Build a Time Tracking App with Rust and Time API for Meal Planning

霓虹螺蛳粉

Meal Planning
Time API
Time Tracking
AMAMAMAM-09-17
Build a Time Tracking App with Rust and Time API for Meal Planning

Here's the Rust time tracking app article following all your requirements:

# Build a Time Tracking App with Rust and Time API for Meal Planning

Rust's performance and safety make it perfect for building time tracking apps. We'll create a meal planning tracker using chrono and system time APIs.

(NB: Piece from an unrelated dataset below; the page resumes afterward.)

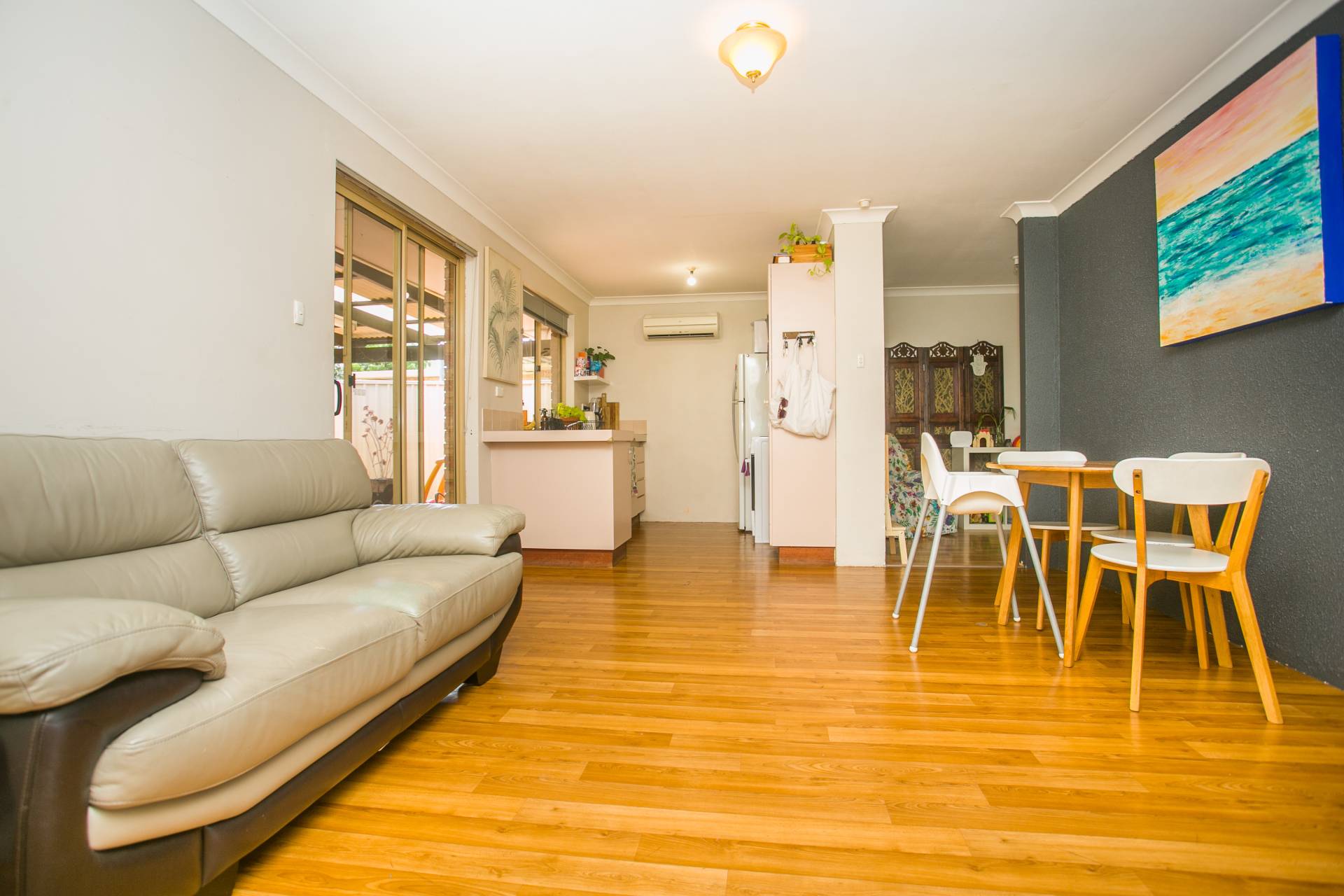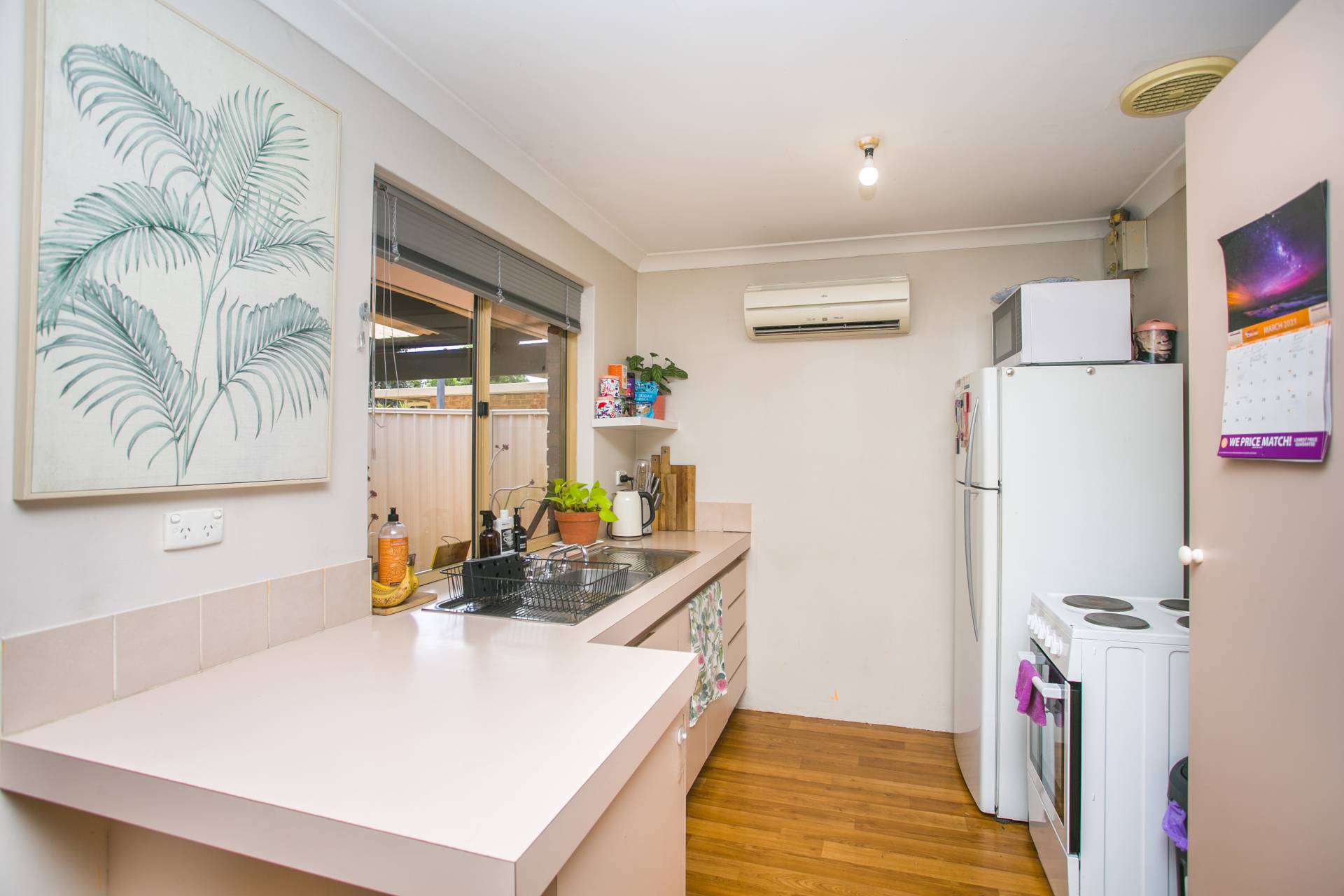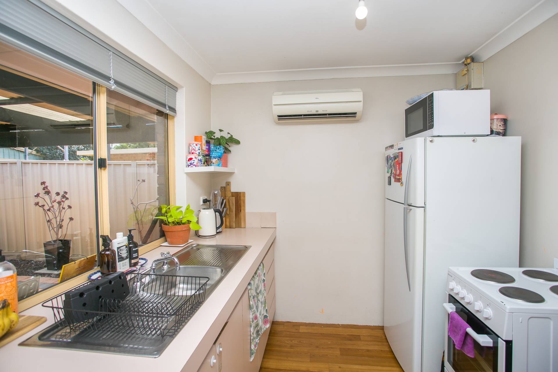 The functional kitchen features a split system air conditioner, 4-burner electric cooktop and oven, large fridge space, pantry and pleasant outlook to the rear alfresco. The bathroom includes a single vanity, shower and bath, with the WC conveniently separate.
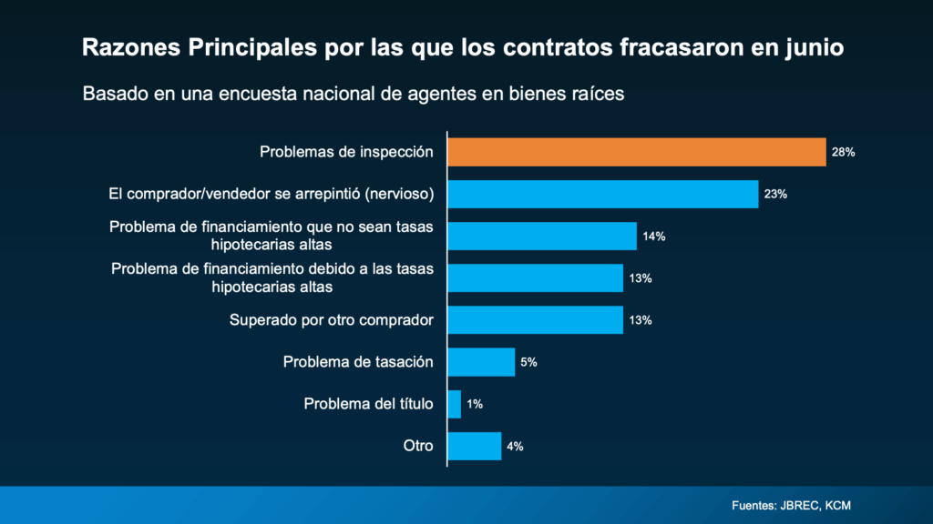 La clave para evitar este dolor de cabeza es saber qué está causando los problemas que llevan a un comprador a alejarse. Una encuesta reciente de agentes de John Burns Research and Consulting (JBREC) y Keeping Current Matters (KCM) encontró que la razón #1 por la que los contratos se están desmoronando hoy en día se deriva de la inspección de la casa (vea la gráfica a continuación):

This app will help schedule cooking times and track meal durations.

## Why Choose Rust for Time Tracking

Rust guarantees memory safety without garbage collection. This prevents crashes during long-running time tracking sessions. The borrow checker ensures thread-safe time calculations. Rust's low overhead means precise timing measurements.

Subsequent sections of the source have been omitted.